> **PROVIDED RECORDS**
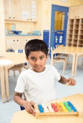 A child playing a xylophone.
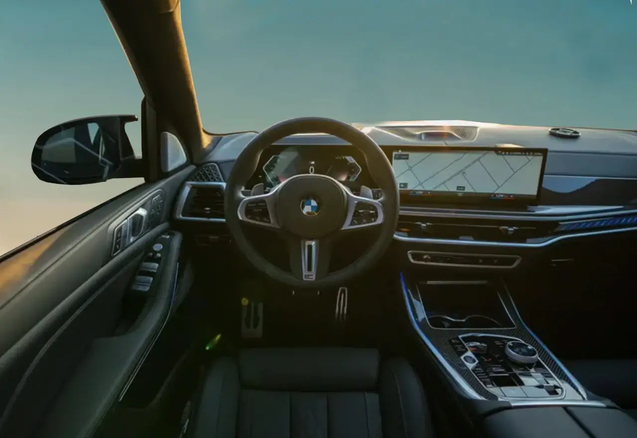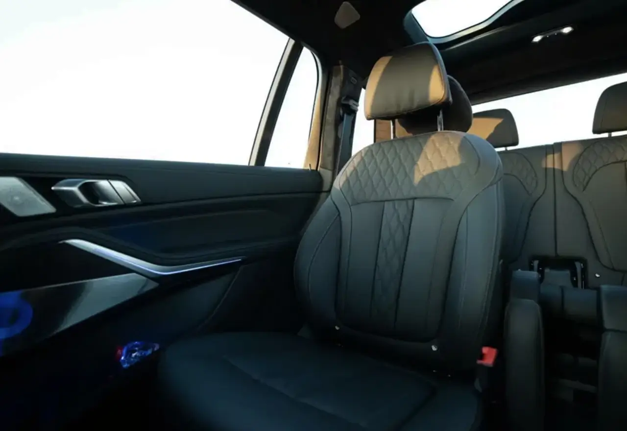 The interior of the X7 M60i is expected to be spacious and luxurious, with ample room for up to seven passengers. High-quality materials are expected to be used throughout the cabin, including leather upholstery, wood trim, and aluminum accents. The seats are expected to be comfortable and supportive, with multiple adjustments to suit the driver's preferences.
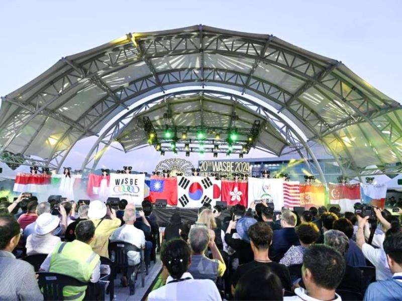 圖5:音樂學系師生受邀參加第20屆國際世界管樂年會,中華民國國旗與各參與國家一起飄揚。
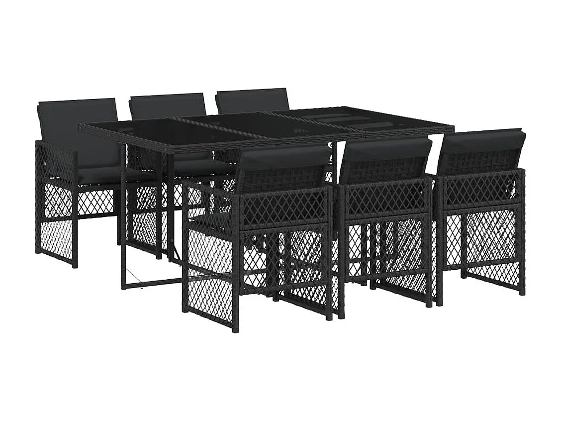 Jesse Ensemble à manger de jardin coussins 7pcs Noir Résine tressée
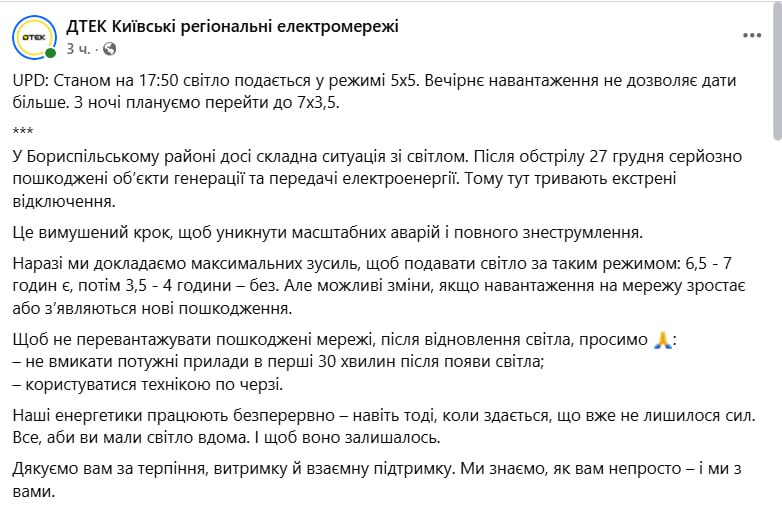 20.13 В Бориспольском районе Киевской области уже больше недели продолжают действовать экстренные отключения, сообщает ДТЭК.
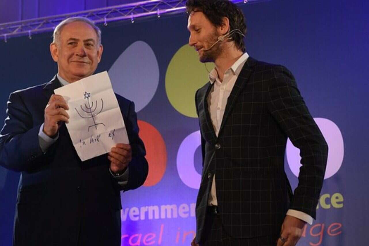 נתניהו הניף מול הקהל את הדף שעליו צייר מנורת שבעת קנים עם הכיתוב בעברית: "עם ישראל חי". סושרד הנבוך הביט בציור והודה: "אני אפילו לא הייתי קרוב".
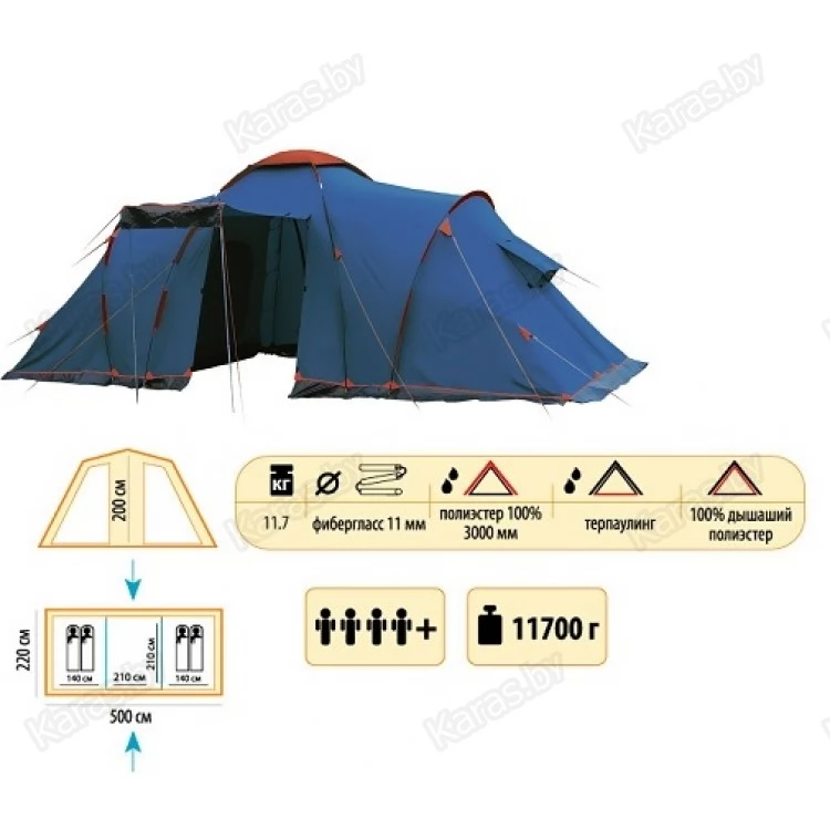 - Двухслойная кемпинговая палатка с двумя входами, большим тамбуром;
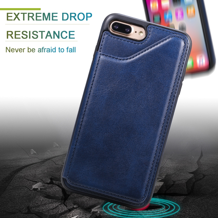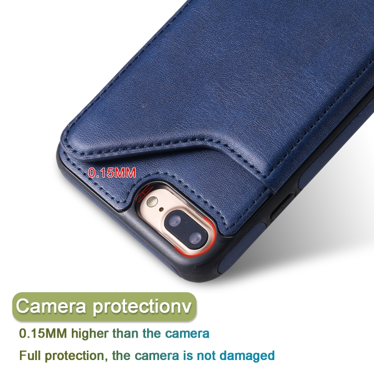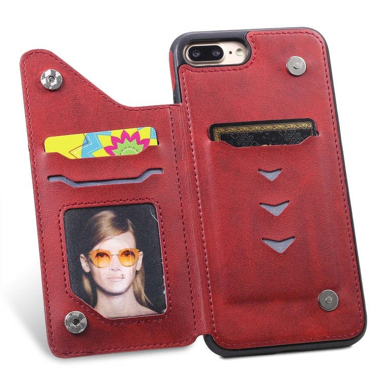 Funda Protectora iPhone 7 Plus 8 Plus Textura Pantorrilla Soporte Ranuras Tarjetas Marco (Rojo)
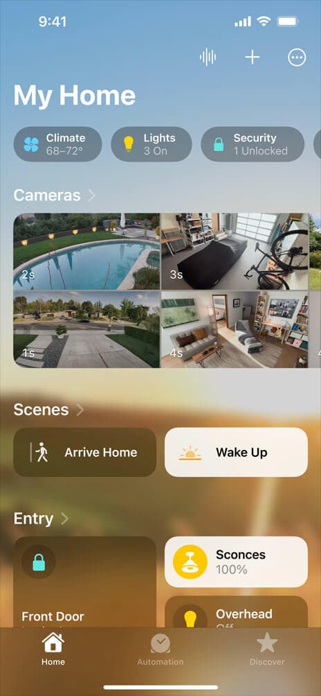 - В новом интерфейсе приложения «Дом» еще удобнее находить, просматривать, упорядочивать и контролировать любые аксессуары умного дома.

> **EXERCISE OBJECTIVE**
Could you write out exactly the lines from the line containing "- Двухслойная кемпинговая" to the end of the material, and nothing else? No pictures belong in the copy.

> **YOUR SOLUTION**
 - Двухслойная кемпинговая палатка с двумя входами, большим тамбуром;
 Funda Protectora iPhone 7 Plus 8 Plus Textura Pantorrilla Soporte Ranuras Tarjetas Marco (Rojo)
 - В новом интерфейсе приложения «Дом» еще удобнее находить, просматривать, упорядочивать и контролировать любые аксессуары умного дома.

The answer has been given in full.